После сытного обеда прибыли Тюркир и Хавгрим.
Они передали благодарность командования и приказ привести «Цверга» к пристани.
– В общем, – сказал Хавгрим, волнуясь, – конунг решил высадить отряд у Запретного леса, чтобы ударить по дружине Гунульфа с гор. Проводники будут ждать на берегу. Другой отряд выступит с равнины, от поселка. Зажмем вражин и перебьем!
Плющ вздохнул и закатил глаза, смотря в небо.
Солнце сошло с зенита, склоняясь к западу, однако одолело лишь полпути по небосклону.
День не торопился угаснуть…
Глава 29
Семен Щепотнев
«Шоу должно продолжаться»
Шимона переполняла дикая злость.
Он злился на этого надутого индюка-сэконунга, что возомнил себя великим полководцем, а на деле оказался сродни тупому красному командиру, что в 41-м гробил тыщи солдатских душ, да все без толку.

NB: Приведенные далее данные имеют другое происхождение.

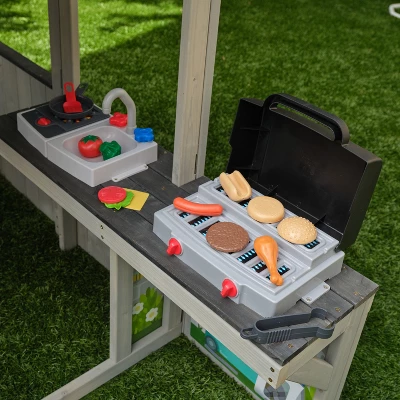 Time to fire up the grill and invite family and friends over! Kids and parents alike will love the openness of the wooden Patio Party Playhouse from KidKraft. With a door and expansive windows, there’s plenty of room to play and interact both inside and outside the house. In the barbecue extension area, use the grill to get cooking. Flame graphics will appear with the turning of the knobs. A total of 11 play food pieces are included so kids can grill up some outdoor favorites. Inside is a sink and burner for even more role playing. Keep guests busy with the new game feature—spinner blocks so you can mix or match to create your own wacky character. Designed to fit in with your yard’s aesthetic, this realistic-looking wood playhouse will keep kids entertained outdoors season after season.
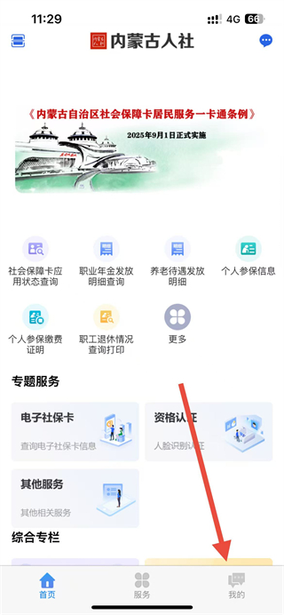 1、打開內(nèi)蒙古人社App,點擊底部導(dǎo)航欄中的我的選項。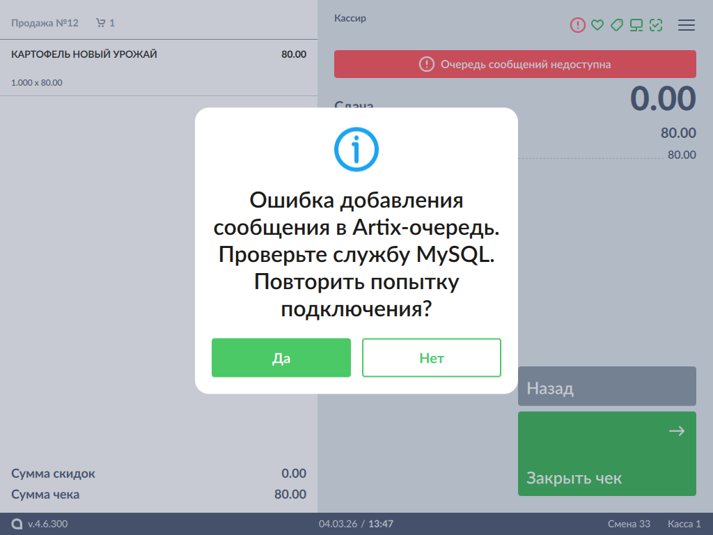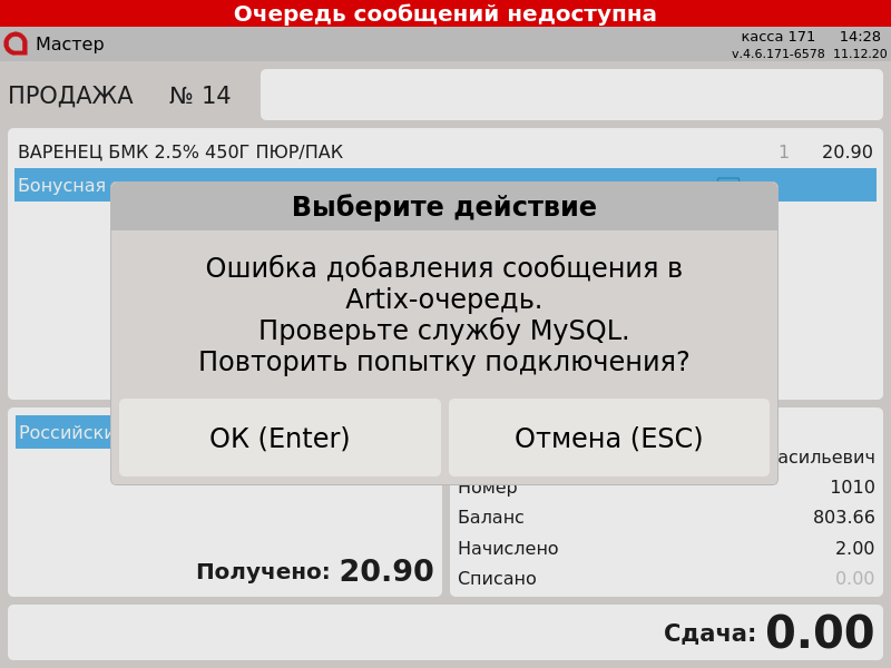 000 - Ошибка добавления сообщения в Artix-очередь. Проверьте службу MySQL. Повторить попытку подключения?.png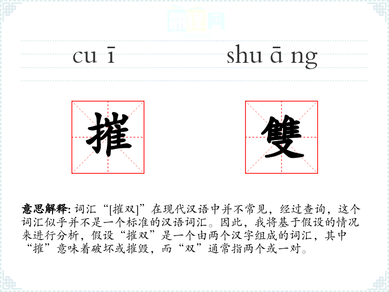 - 由于“摧双”不是一个标准词汇,其词源和演变难以考证。假设的词源可能与“摧”的古汉语意义“破坏”和“双”的常见意义“两个”有关。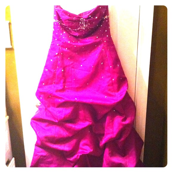Purple, floor length prom dress with small studs and gathering at the bottom.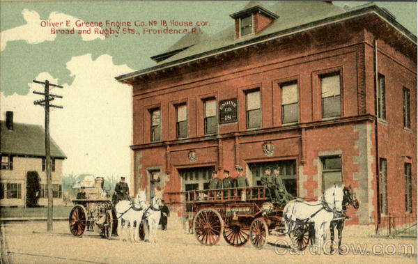 | No. 18 House Cor. Broad and Rugby Sts. Second size Metropolitan Piston Engine, built in 1906. Diameter of pumps, 4 3/4 -in.; steam - cylinder, 8 -in.; stroke, 8 -in. Drawn by two horses, is fitted with rubber tires and weighs, ready for service, 8,500 lbs. Placed in service July 17, 1906. Also Steam-frame Combination wagon, built 1865. Drawn by two horses, and carries 800 ft. of 2 1/2 -in. hose and 200 ft. of 3/4 -in. hose. Is equipped with 50-gal. tank and weighs, rady for service, 4,940 lbs. Placed in service Nov. 30, 1895. Company consists of 1 Capt., 1 Lieut., 3 Hose-men, 1 Engine-Man, 1 Asst. Engine-man, 1 Hose Driver and 1 Engine-Driver. |

Семен злился на отморозка Эйвинда, которого битва возбуждала, и тот бросался в самую гущу боя, неистовствуя, пьянея от крови.
И на Торгрима он злился – ярл рубился с чисто крестьянской основательностью, не обращая внимания на «главнокомандующего».
Да и кто из викингов слушал приказы Гунульфа?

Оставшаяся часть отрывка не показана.